The Fed Is Ignoring the Biggest Lesson of 2008

(Bloomberg Opinion) -- The 2008 financial crisis showed what happens when the banking system lacks an adequate foundation of loss-absorbing equity capital. Unable to raise what they needed from wary investors, banks were forced to slash lending at precisely the worst time for the economy. Ultimately, only the full faith and credit of the U.S. government — and a direct infusion of more than 200 billion taxpayer dollars — could prop them up.

The lesson seems clear enough: Banks should raise capital while they can, and before they have to. The Federal Reserve apparently hasn’t learned it.

The 2010 Dodd-Frank Act gave the Fed this very responsibility: tell banks to build a buffer of extra capital in good times, when the economy is growing and funds are relatively easy to raise. This idea of so-called countercyclical capital has worked well in other countries, most notably Spain.

The question is when to add to the buffer. In the U.S., now seems right. The economy has been expanding for nearly 10 years, inflation is close to the Fed’s target, and forecasters expect annual growth to peak this year at about 2.9 percent. Business lending standards are deteriorating even as corporate debt levels hover near record highs. Across the Atlantic, the U.K., France and eight other European countries have already raised their buffers.

The Fed hasn’t. This is partly because of how officials have chosen to interpret Dodd-Frank. The central bank has adopted a rule that says systemic vulnerabilities should be “meaningfully above normal” before extra capital is required — a threshold that some, including Chairman Jerome Powell, say hasn’t been met. Opponents of requiring more capital also argue that U.S. banks don’t need it, because they’re already better capitalized than their European counterparts.

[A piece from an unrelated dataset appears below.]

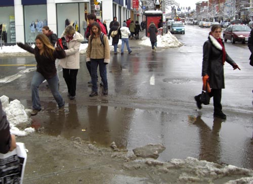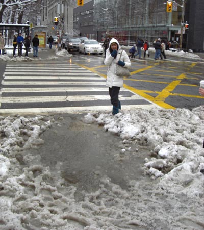 – when the snow starts melting, large pools of salty water that are difficult to cross accumulate at intersections because sewer grates are left blocked with snow; and
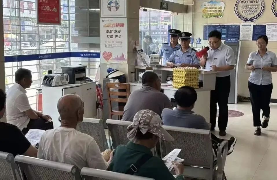 他们充分发挥银行网点阵地优势:设置反诈公告栏、悬挂海报,利用客户等待时间开设“反诈微课堂”。民警解析“杀猪盘”等新型手法并推广国家反诈中心APP功能;银行员工解读账户限额管理等政策。有奖问答活动发放礼品80余份,吸引超50名群众参与。

That’s true — but better capitalized doesn’t mean adequately capitalized. On average, the six largest U.S. banks have less than $7 in equity for each $100 in assets. That’s more than they had before the 2008 crisis, but probably not enough to avoid distress in a similar situation. Economists at the Minneapolis Fed, for example, have estimated that banks need more than twice as much equity to make the probability of government bailouts as low as it should be. Even if fully deployed, the Fed’s countercyclical buffer would get them only a small part of the way there.

Fed officials ought to ask: If not now, when? If the central bank’s rules prevent them from acting, they should change them. By the time investors are sure the system has a problem, it will be too late.